▶ [Entries shown]
# # #

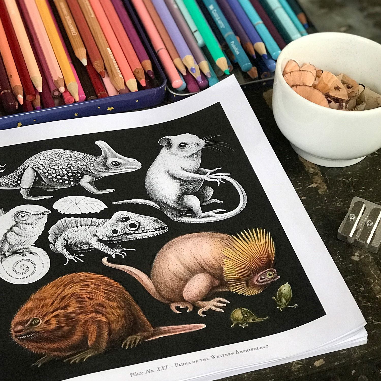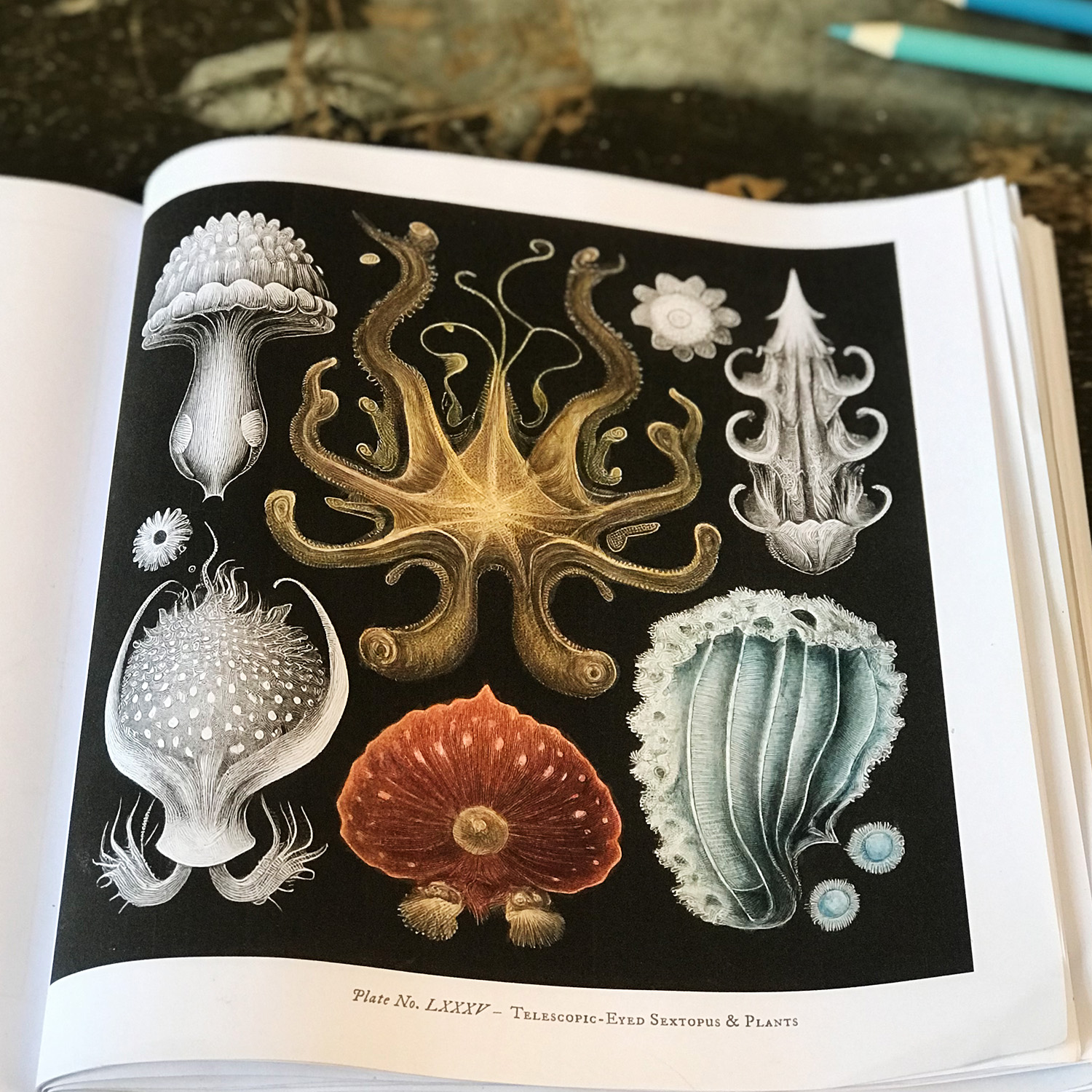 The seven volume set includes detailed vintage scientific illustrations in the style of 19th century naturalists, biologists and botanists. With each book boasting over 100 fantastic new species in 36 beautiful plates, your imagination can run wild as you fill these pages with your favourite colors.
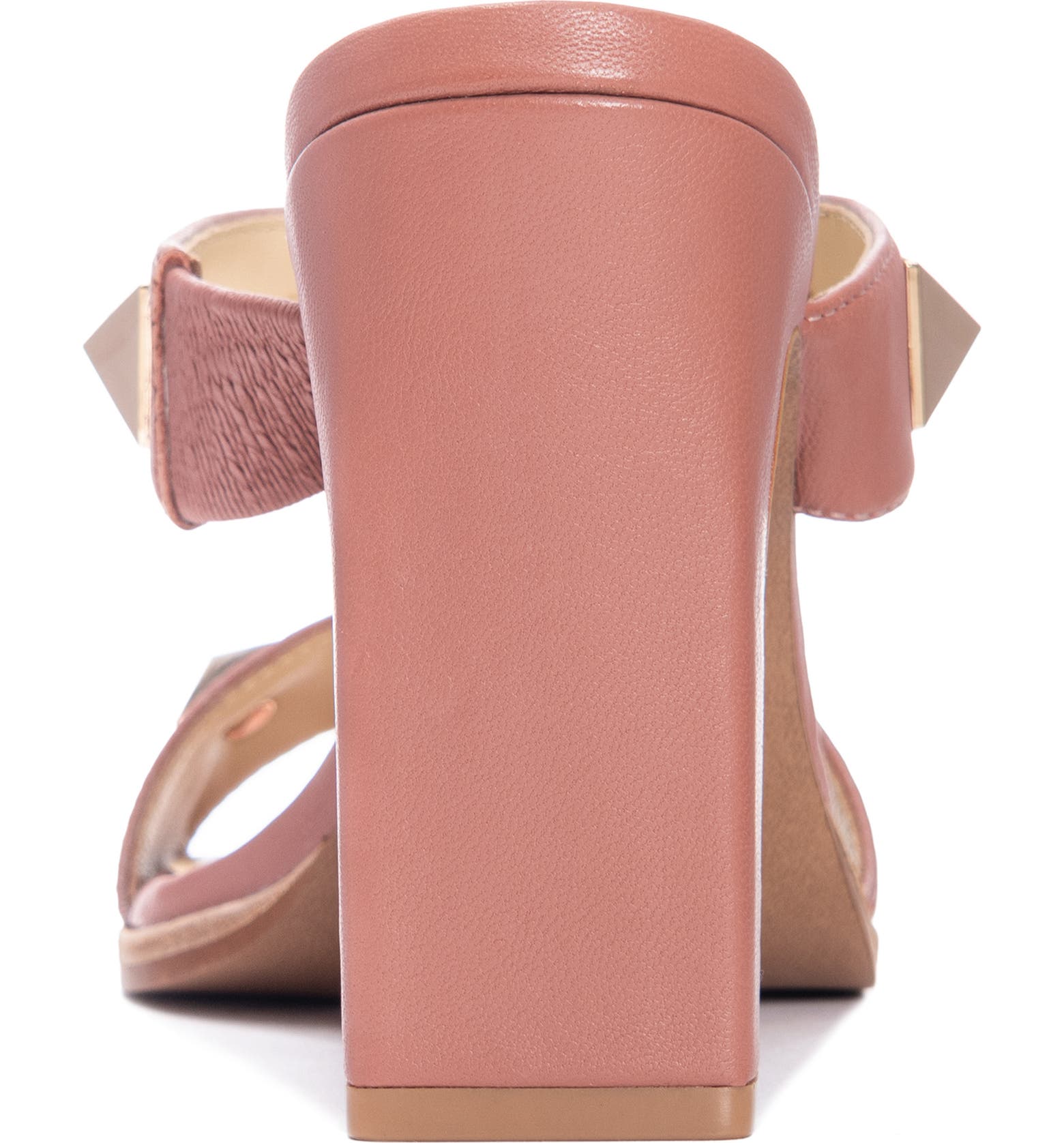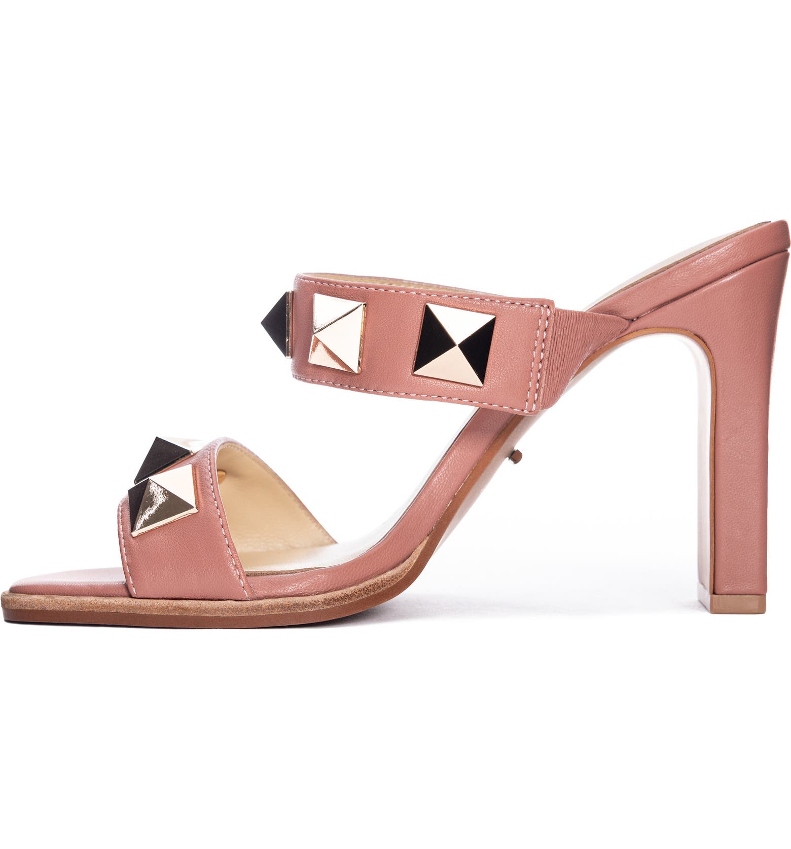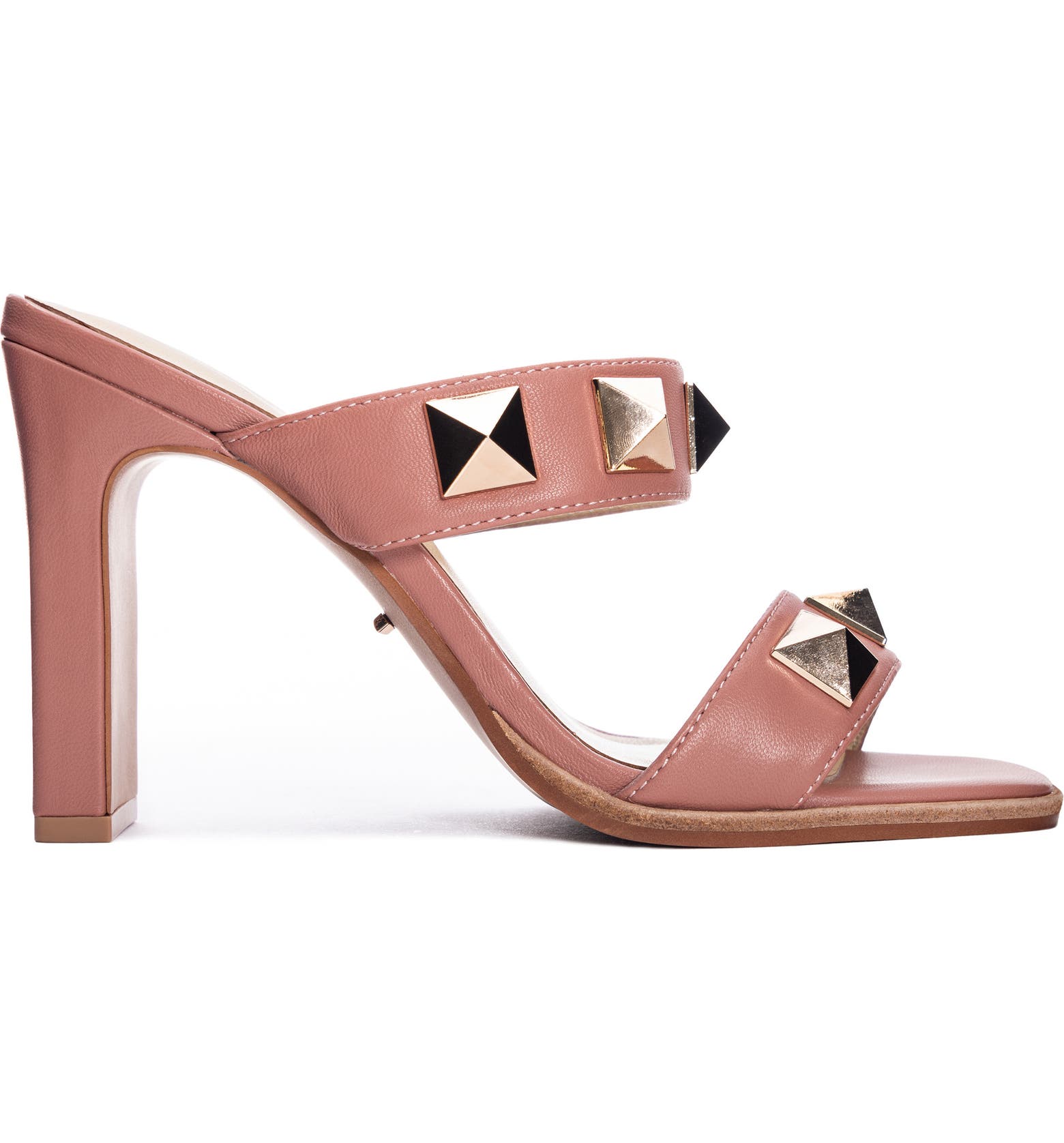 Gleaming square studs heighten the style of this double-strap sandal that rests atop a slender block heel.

# # #

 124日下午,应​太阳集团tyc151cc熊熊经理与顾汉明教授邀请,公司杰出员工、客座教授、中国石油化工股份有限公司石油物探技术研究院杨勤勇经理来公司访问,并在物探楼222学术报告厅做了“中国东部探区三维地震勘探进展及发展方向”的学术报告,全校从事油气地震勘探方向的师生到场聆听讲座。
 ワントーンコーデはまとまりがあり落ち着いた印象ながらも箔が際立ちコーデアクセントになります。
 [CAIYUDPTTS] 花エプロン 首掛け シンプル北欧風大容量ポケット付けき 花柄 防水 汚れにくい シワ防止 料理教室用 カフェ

# # #

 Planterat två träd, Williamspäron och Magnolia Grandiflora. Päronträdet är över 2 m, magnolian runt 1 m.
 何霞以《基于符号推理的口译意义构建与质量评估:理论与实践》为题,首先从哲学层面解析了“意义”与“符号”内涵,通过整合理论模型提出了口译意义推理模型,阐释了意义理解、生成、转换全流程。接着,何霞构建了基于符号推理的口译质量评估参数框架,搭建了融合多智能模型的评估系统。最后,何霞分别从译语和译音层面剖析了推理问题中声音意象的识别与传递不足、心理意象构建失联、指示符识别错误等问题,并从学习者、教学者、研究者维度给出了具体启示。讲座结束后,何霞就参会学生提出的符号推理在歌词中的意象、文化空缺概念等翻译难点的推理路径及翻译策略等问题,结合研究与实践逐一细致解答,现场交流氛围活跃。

# # #

▶ [What is required] The response must hold only the lines above from the line with "Planterat två träd, Williamspäron" through the line with "何霞以《基于符号推理的口译意", each copied exactly, both ends kept.

▶ [Answer to this task]
 Planterat två träd, Williamspäron och Magnolia Grandiflora. Päronträdet är över 2 m, magnolian runt 1 m.
 何霞以《基于符号推理的口译意义构建与质量评估:理论与实践》为题,首先从哲学层面解析了“意义”与“符号”内涵,通过整合理论模型提出了口译意义推理模型,阐释了意义理解、生成、转换全流程。接着,何霞构建了基于符号推理的口译质量评估参数框架,搭建了融合多智能模型的评估系统。最后,何霞分别从译语和译音层面剖析了推理问题中声音意象的识别与传递不足、心理意象构建失联、指示符识别错误等问题,并从学习者、教学者、研究者维度给出了具体启示。讲座结束后,何霞就参会学生提出的符号推理在歌词中的意象、文化空缺概念等翻译难点的推理路径及翻译策略等问题,结合研究与实践逐一细致解答,现场交流氛围活跃。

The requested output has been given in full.